From this, it is clear that the purpose of Student as Producer is nothing less than “social revolution” The production of knowledge is at the heart of the production of science and technology and therefore the reproduction of human social life. The separation of intellectual and manual labour is found in the separation of the student from the processes of research and the separation of the teacher, confined to their subject disciplines, from “the total institutional process of the production of knowledge and meaning.” (Neary 2010) In contrast to this, Student as Producer, while a critique of the modern university, is also articulated as its re-constitution, a collective effort by “the academic community to design an alternative model for the university, as a rehearsal for an alternative social world in which it might subsist.” (Neary 2010)

“By creating alternative models for higher education Student as Producer is experimenting with the history of the idea of university, drawing on the heritage of higher learning. The purpose is to reinvent the contemporary significance of students and the university so as to provide, as Benjamin (1996) might have it, a real time example of the highest metaphysical state of history.” (Neary 2010)

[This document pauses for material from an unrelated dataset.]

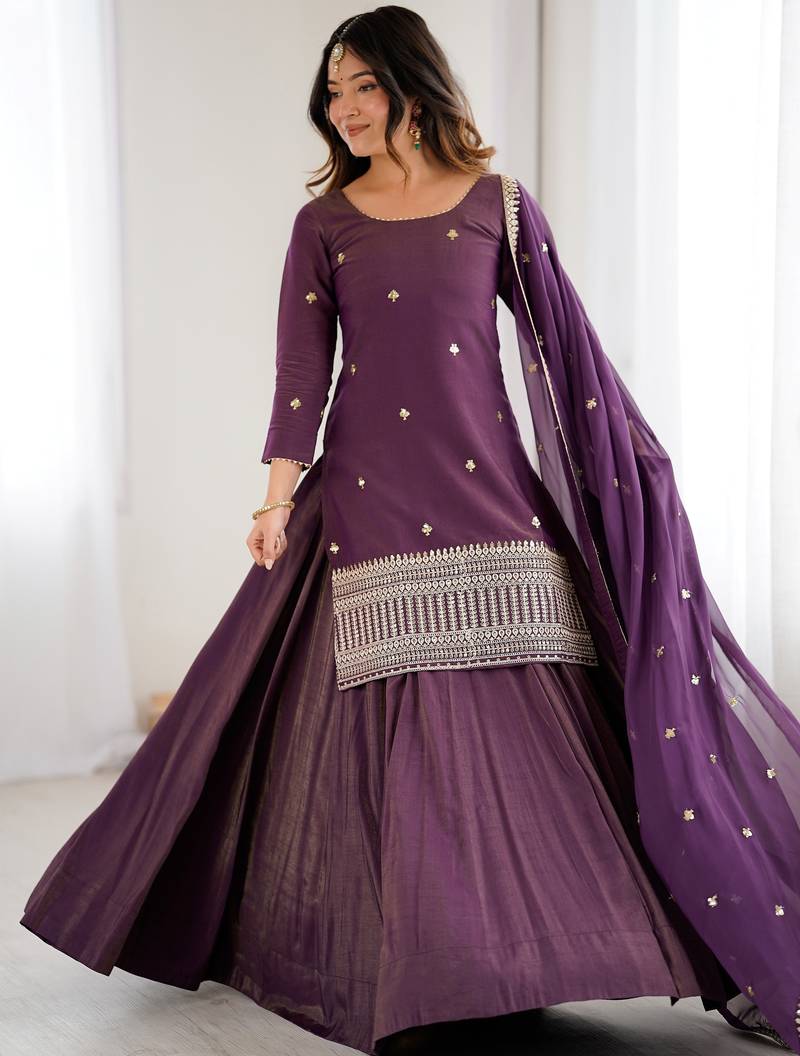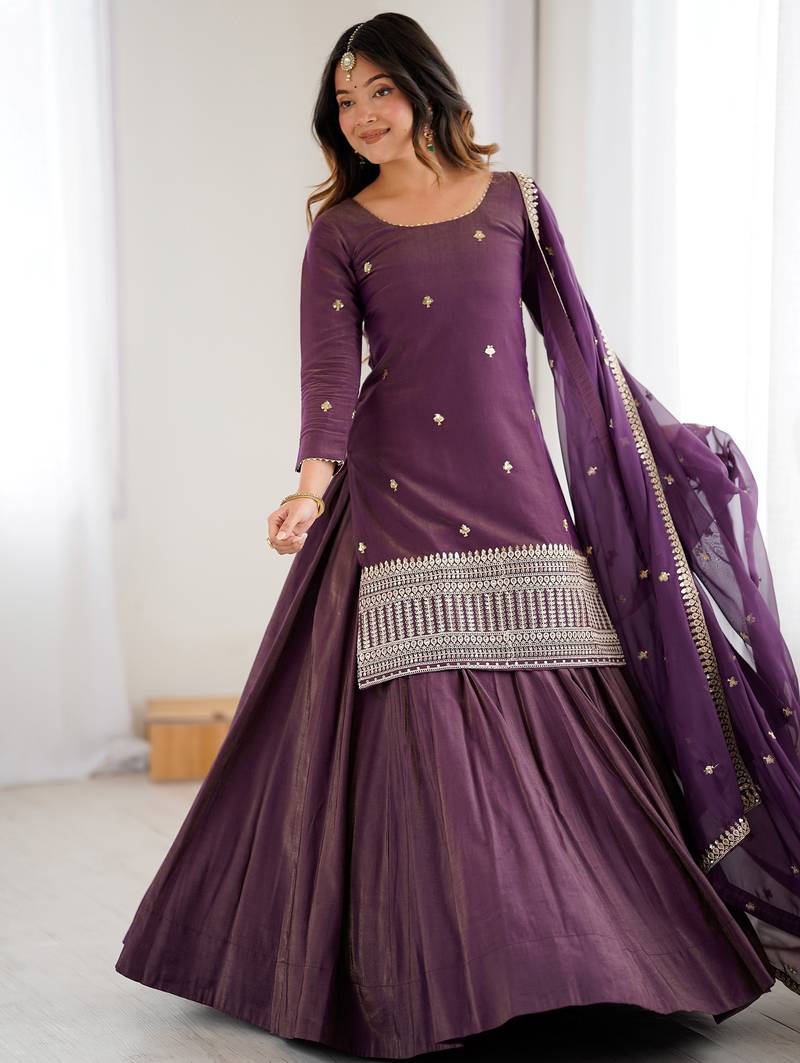 | Product Name | Bewitching Purple Zari Work Silk Designer Lehenga With Kurti | |

Compared to the original 2009 book chapter and its focus on Humboldt, the 2010 book chapter above drew inspiration from the more contemporary events of 1968 and recent student protests. By contrast, this latter article goes deeper into the history of revolutionary scientific and educational theory to discover and recover the origins of Benjamin’s argument in his essay ‘Author as Producer’, the foundational text for Neary’s Student as Producer project. So far, he has established a genealogy starting with Marx, then Vgotsky, Benjamin and then later Marxist writers such as Debord, Lefebvre and Badiou. In a related conference paper, Neary critiques the ‘productivism’ of Benjamin and Vygotsky through the work of two other Marxist academics, Moishe Postone and John Holloway. Here, I want to briefly summarise the significance of this article, which given the very short life of the journal it was published in, is in danger of being overlooked. The paper underlines the following, which is of relevance to the development of a ‘co-operative university’:

  • The basis for transforming institutions of higher education is the transformation of the role of the student. For Vygotsky, the student becomes the student-worker.
  • The role of the student is not simply that of becoming a ‘collaborator’, or the learner of skills, but as an active contributor to the labour process of the university (i.e. the production of knowledge), within which they find their own purpose and meaning.
  • The division of intellectual and manual labour is overcome through the recognition of education as a form of productive labour itself.
  • By revealing the organising principle of knowledge production, the university becomes grounded in the productivity of its students.
  • Through the transformation of the student and subsequent transformation of the organising principle of higher education, science and technology can be employed to transform society. The student becomes the subject rather than object of history – they make history – and humanity becomes the project rather than the resource.
  • Teaching begins from the student’s experience in a particular social context “so that the student teaches themselves” and are no longer alienated from the production of knowledge. So that students “recognise themselves in a world of their own design.” (Debord)

Student as Producer (2)

See an introduction to this series of notes here.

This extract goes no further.